In this issue of the Journal, Roca and colleagues (pp. 1368–1376) (10) report results of their validation of the ROX index ([oxygen saturation/Fi_O2]/respiratory rate) to predict outcomes of patients with hypoxemic respiratory failure resulting from pneumonia/ARDS treated with HFNC. Using a training cohort of 157 patients, they previously reported that a ROX value of >4.88 predicted success of HFNC (11). In the current study, the ROX index was validated in 191 patients enrolled at 5 centers in France and Spain who were sicker (more with shock and a trend toward a higher APACHE II score) and had a higher mortality (27.3%) than the training cohort (14.2%). Still, the ROX index score of >4.88 was as predictive of outcomes in the validation cohort as it was in the training cohort. The area under the curve at 12 hours, a measure of discrimination, was 0.752, which was comparable to the training cohort, and was higher than those of Sp_O2/Fi_O2 and Sp_O2 and Fi_O2 singly at most points up to 24 hours. A second validation using patients from the FLORALI cohort (7) provided similar findings, although the areas under the curve were consistently lower than those in the first validation. It is worth noting that to fully validate a score, both discrimination (using area under the curve) and calibration (using observed outcomes) are important.

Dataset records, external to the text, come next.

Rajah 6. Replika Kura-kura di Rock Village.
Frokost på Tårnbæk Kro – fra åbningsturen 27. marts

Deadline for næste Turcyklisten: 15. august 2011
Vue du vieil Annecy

Comparing predicted outcomes (based on the training cohort) versus observed outcomes at different levels of ROX in the validation cohort could have strengthened the validation.

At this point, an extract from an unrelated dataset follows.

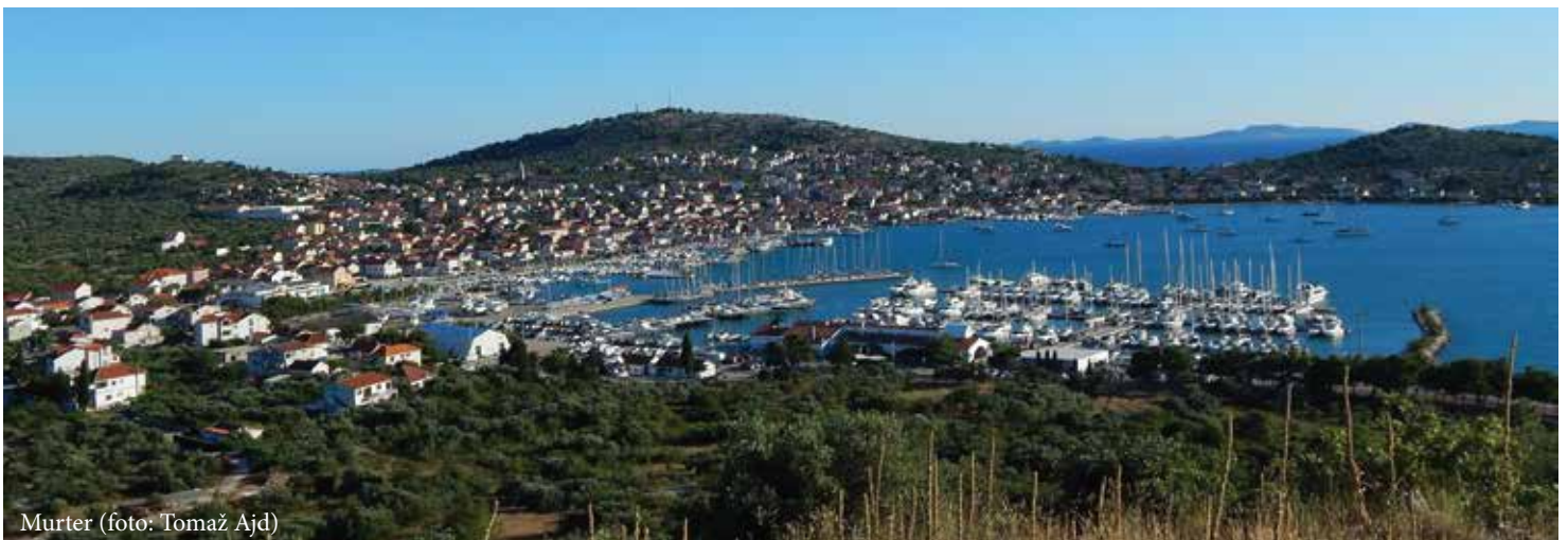
Murter

Naslednji dan smo se preselili v sosednjo občino Tisno. Najprej smo se srečali s predstavniki različnih organizacij in drug drugega seznanili z različnimi področji in dejavnostjo, ki jo opravljamo. Sprejeli so nas v prostorih tamkajšnjega

The ROX score is likely to be useful clinically because it requires few data points and is simple to calculate at the bedside. It has a positive predictive value for success of HFNC of more than 80% between 12 and 20 hours postinitiation, when most of the intubations occur. For durations of use of less than 12 hours, when the ability to predict HFNC failure and the need for intubation would be important, the cutoff values of 2.85 at 2 hours, 3.47 at 6 hours, and 3.85 at 12 hours had specificities of 98–99% in the main validation cohort. Thus, clinicians could use the ROX score as a way to assess progress in patients receiving HFNC, making serial measurements, and incorporating it when considering decisions to escalate care. During the first 12 hours, scores below the cutoffs given here would prompt consideration of earlier intubation. Once the 12-hour point is reached, a score >4.88 increases clinician confidence that the patient will succeed. Caveats include the fact that the ROX score was developed in cohorts with hypoxemic respiratory failure resulting from pneumonia/ARDS and has not been validated in other populations. Also, no score can replace close bedside observation of critically ill patients with respiratory failure, but it can be helpful in more safely managing these patients, helping to avoid delayed intubations. Additional study would be necessary, however, to demonstrate that use of the ROX index can actually improve clinical outcomes, rather than just predict them.